The other side of the “professors chipping in to help students” story is equally fantastic. As we well know, despite the low wages of their teachers, students’ tuition costs have increased exponentially. Students face enormous debt burdens as post-secondary education is not a publicly funded good, but increasingly, an expensive credential for which individuals are expected to pay. As the ask I received suggests, this credential and its attendant debt open doors to opportunities to the tune of unpaid internships. “Micro-grants” will not save today’s undergraduates from debt-constrained futures and stagnating wages.

And this would be true in a “normal” year.

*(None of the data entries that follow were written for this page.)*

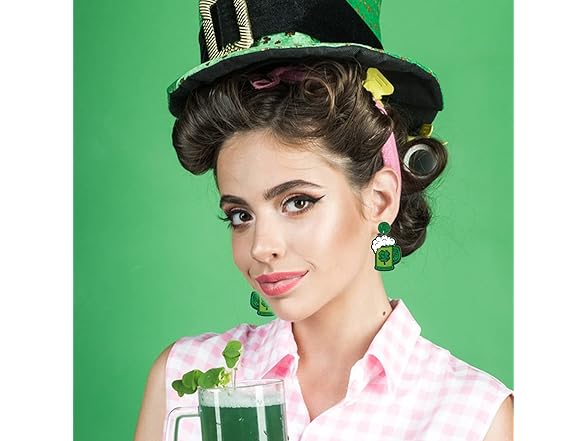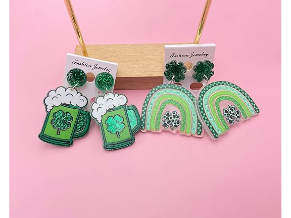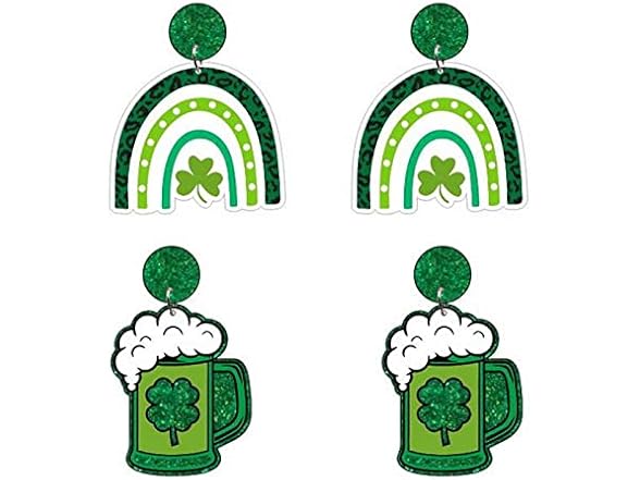 2Pairs Green St Patricks Day Earrings for Women Shamrock Leaf Clover Dangle Earrings Lucky Saint Patricks Day Earrings Holiday Jewelry Gift for Women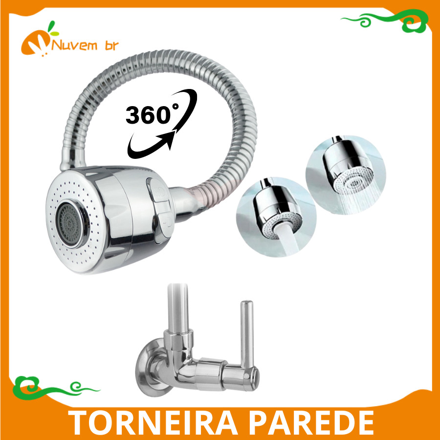 Torneira Flexível de Parede/Bancada WG08 para Cozinha com Chuveirinho Duplo Jato Cone Inox Luxo Metal Gourmet WG08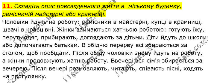 Складіть опис повсякденного життя в міському будинку, ремісничій майстерні або крамниці. Чоловіки йдуть на роботу: ремісники в майстерні, купці в крамниці, швачі в кравцівні. Жінки займаються хатньою роботою: готують їжу, перуть одяг, прибирають, доглядають за дітьми. Діти йдуть до школи або допомагають батькам. В обідню перерву всі збираються за столом, щоб пообідати. Після обіду чоловіки знову йдуть на роботу, а жінки продовжують хатню роботу. Ввечері вся сім'я збирається за вечерею. Після вечері розмовляють, читають, співають пісні, ходять на прогулянку.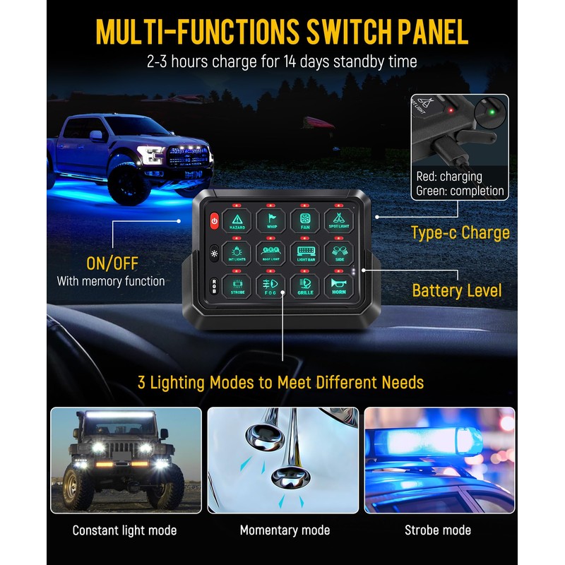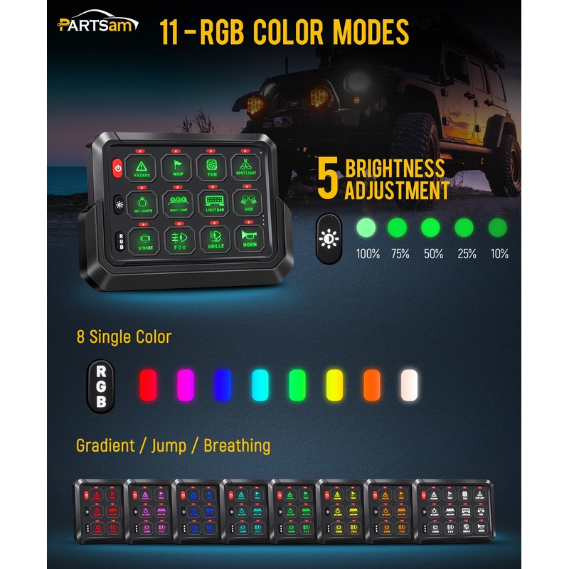 Partsam 265 Ft Wireless RGB 12 Gang Switch Panel Universal Circuit Control Relay System Box Toggle Momentary Strobe Switch Pod w/3 Silicone Button 5 Brightness Levels for Offroad Truck RV ATV UTV Boat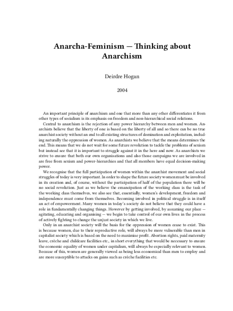 Zine Anarcha-Feminism — Thinking about Anarchism Author: Deirdre HoganPublished: 2004Language: enCatalog: The Anarchist Library3 pages. Read online: html • pdf •imposed pdf • a4 pdf • epub • muse • tex Share: We mail all zines to incarcerated people for free.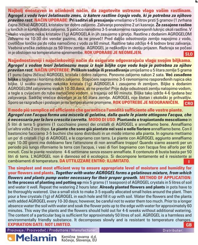 Agrogel je granuliran brezbarven nevtralni polimer, ki na svojo težo veže več 100-kratno količino vode, zato je zelo primeren za uporabo v cvetličarstvu, vrtnarstvu in kmetijstvu.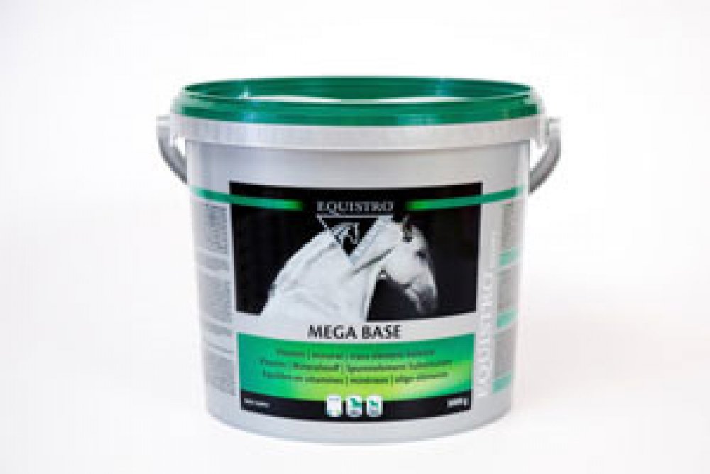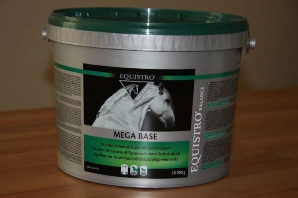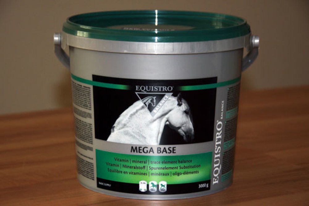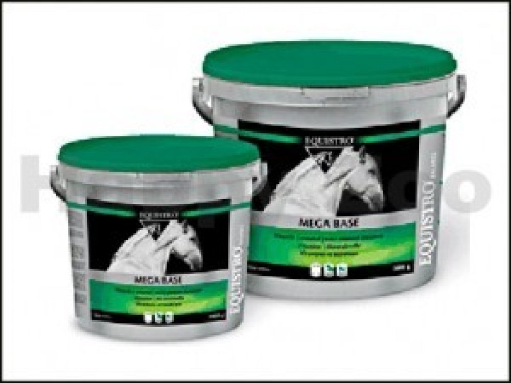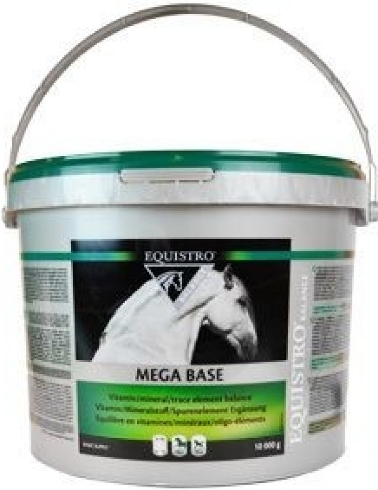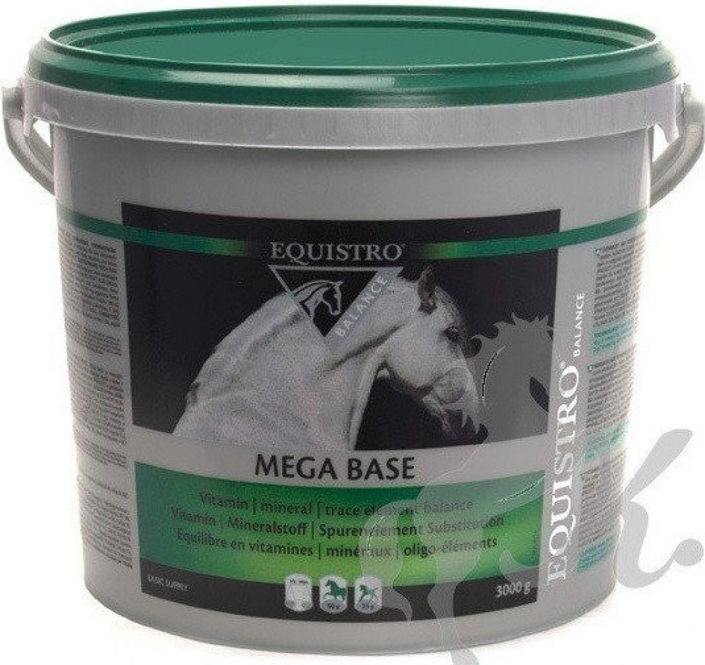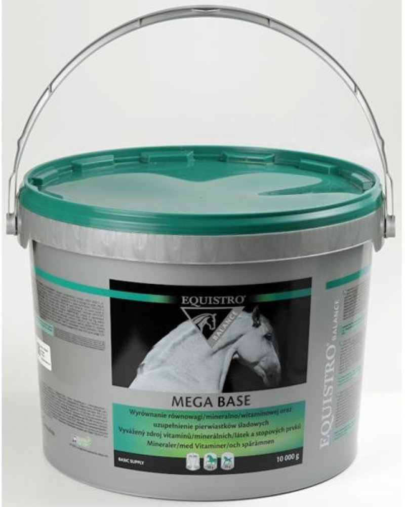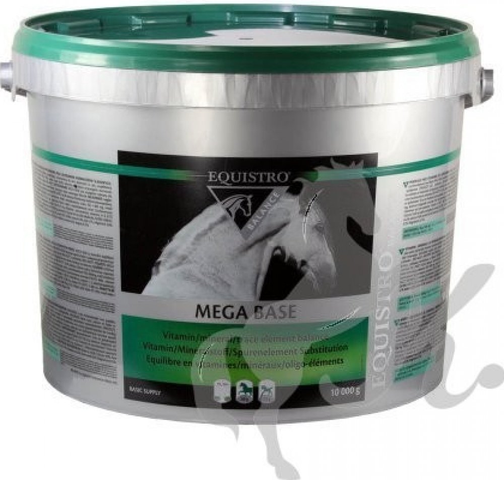 Složení Equistro Mega Base:uhličitan vápenatý, suché kvasinky Saccharomyces cerevisiae sp. (ACTIGEN®) 16,6 %, laktóza, dextróza, chlorid sodný, fosforečnan vápenatý. Doplňkové látky/kg: Stopové prvky: Chelát zinku a bílkovinných hydrátů (3b612) 4 000 mg, Chelát mědi a bílkovinných hydrolyzátů (3b407) 250 mg, selen (Inaktivované kvasinky Saccharomyces cerevisiae CNCM I-3060 obohacené selenem) (3b810) 9 mg. Vitaminy a provitaminy: Vitamin A (retinyl-acetát) (3a672a) 300 000 IU, Vitamin E/all-rac-alfa-tokoferol acetát (3a700) 4 000 IU, vitamin D3 cholekalciferol (3a671) 3 000 IU. Antioxidanty: askorbyl-palmitát (1b304) 9 900 mg. Analytické složky: hrubý popel 43 %, vápník (Ca) 10 %, vlhkost 7 %, hrubý protein 6,5 %, sodík (Na) 6,5 %, hrubý tuk 3,5 %, fosfor (P) 1,9 %, hrubá vláknina 0,3 %, hořčík (Mg) 0,2 %.Dávkování Mega Base pro koně:

In 2020, the pandemic made this fantasy even less tenable. It made fundraising campaigns an affront, in addition to an annoyance. Already-exploited university teachers, staff, and students literally risked and in some cases, lost their lives to reopen universities. Employees and students whose classes were conducted online faced punishing Zoom-ridden days, invasive surveillance, and unrealistic expectations of productivity. Students and workers with care responsibilities or those without access to internet connections or safe places to learn were largely unaided by the universities which they work for or pay tuition to. The pandemic has offered another occasion to see austerity in action. Jobs of essential workers and professors alike have been furloughed or eliminated, while university president salaries are increased.

There’s only so much that workers in higher education can be expected to give back in a year when so much has already been taken.